The best practice is, as I said, working and understanding the building, thus getting to know it, and you can do it through architectural survey. Then it takes historical research, allows you to understand the transformations the building went through over time. These two things combined help you trace the guidelines that lead you through their story, but also through the constraints. When you work on a new building, once again, the theme is always the knowledge of where you are, of where you can work. You are somehow looking for references, constraints that are mainly given by the use of the materials you want to make known through your project. Because many times in our territory, what is new also works on what is built.
The result overshadows the authorship of the work in favor of an adaptive methodological approach, characterized by a deep knowledge of the building, materials, construction process, context, and history. Thus, the intervention has existing “constraints”.
The design survey addressed by Pellegrini in the lesson shows how Lucca means home but also “gym” for its design, thanks to the Cathedral Museum project or the interventions for the Monastery of Santa Gemma:
I built this building like a small protected cloister, where those who enter in my opinion had to perceive this idea of isolation and peace as to the surrounding periphery. Another project, once again for them, the last project was about memory, and I called it the Museum of Memory because it’s an ossuary, they wanted to gather the nuns of the monastery in this ossuary, as their remains were scattered among various cemeteries, so they gathered them in this small place. In these three buildings that I told you about, one is characterized by bricks; in the guest house the main material is plaster, and it’s a plaster that in the guest house had a precise reference in Michelucci's Osteria del Gambero Rosso in Collodi, because it’s a rough plaster, where the sand grain is very coarse and I liked it to be seen also in this project. Then the last one: the Rapolano travertine for the ossuary, a travertine that is less white than the one of Tivoli. Why are they three different materials? Because I didn’t say to myself "this must be of brick, this must be of stone etc.", for each place this happened thinking about the form, the function and what had to be the result.
Places for “meditating” intersect with those of “exhibiting” and “living” through the examples of the Museo del Fumetto, the Giuseppe Lazzareschi Foundation, the Garibaldi Memorial in Caprera, the Ex Furnace Piva in Riccione, the convent of San Domenico in Canicattì and the many residential interventions in Lucca.
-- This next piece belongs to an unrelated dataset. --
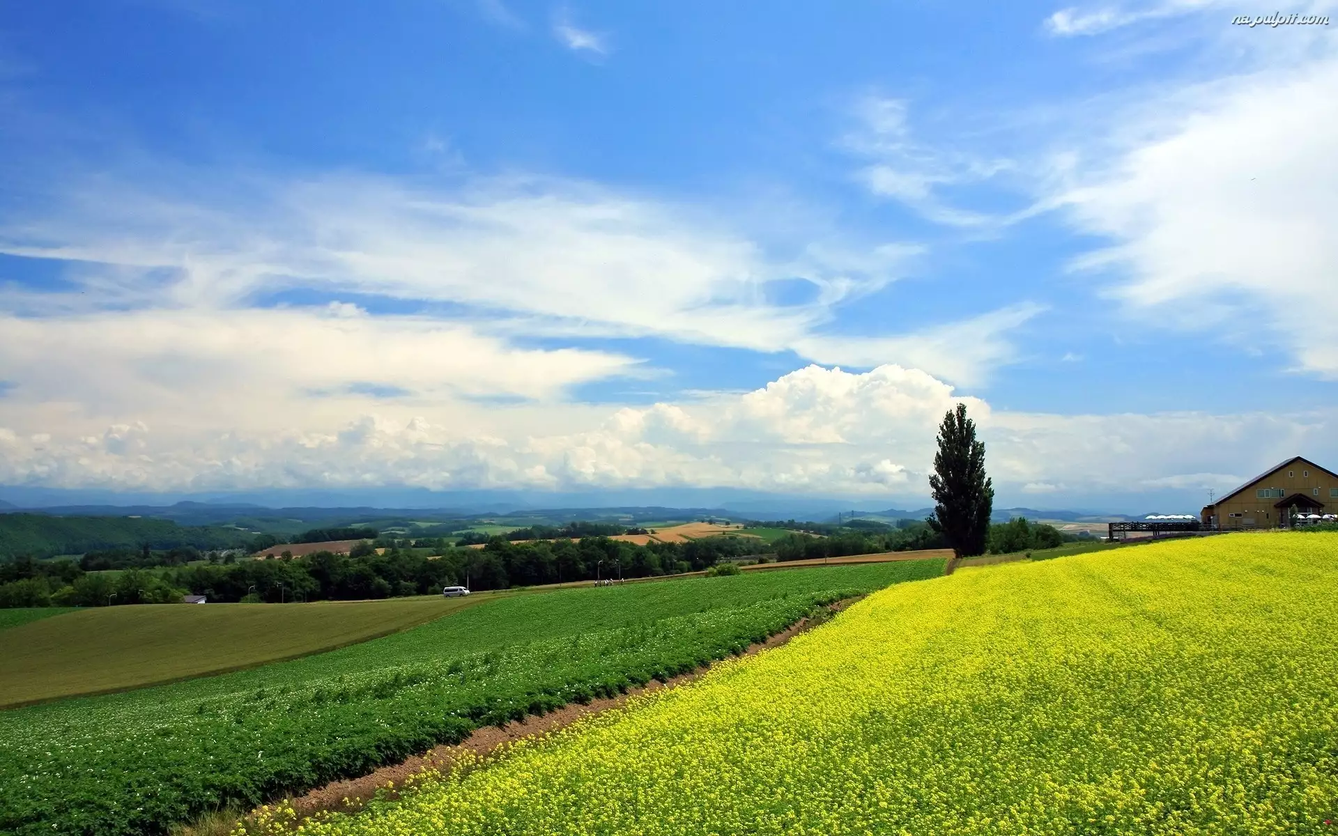 Niebo, Pole, Drzewo, Rzepak, Dom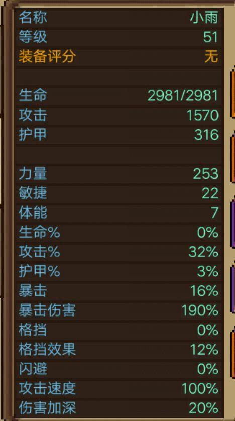 纯输出装应考虑面板攻击、伤害加深。如5只暴伤宠物已满【小狐狸/小花猫/小老虎/黑猫/灰狼】也可带两三件暴击%。

If on the one hand, an architectural practice based on reuse emerges, on the other, it appears that the ability to listen is an essential provision to learn and improve one's approach to design. Architecture is here intended as a “game”, but a serious game: a profession that in the future should increasingly solve existing problems related to the themes of reconstruction, immigration, and the environment.
Architecture is a serious thing, capable of making people live well. Beauty serves to make you feel well and this must be one of the important principles in our job, because beauty in a didactic space, in a school, helps those who are inside it. Beauty in a space where there is suffering like a hospital, helps those inside it.[…] I’ll finish the way I started, in the sense that for me architecture is playing, playing is joy, is living, is narrating and if one manages to do these things with happiness, architecture is beautiful therefore architecture is like playing.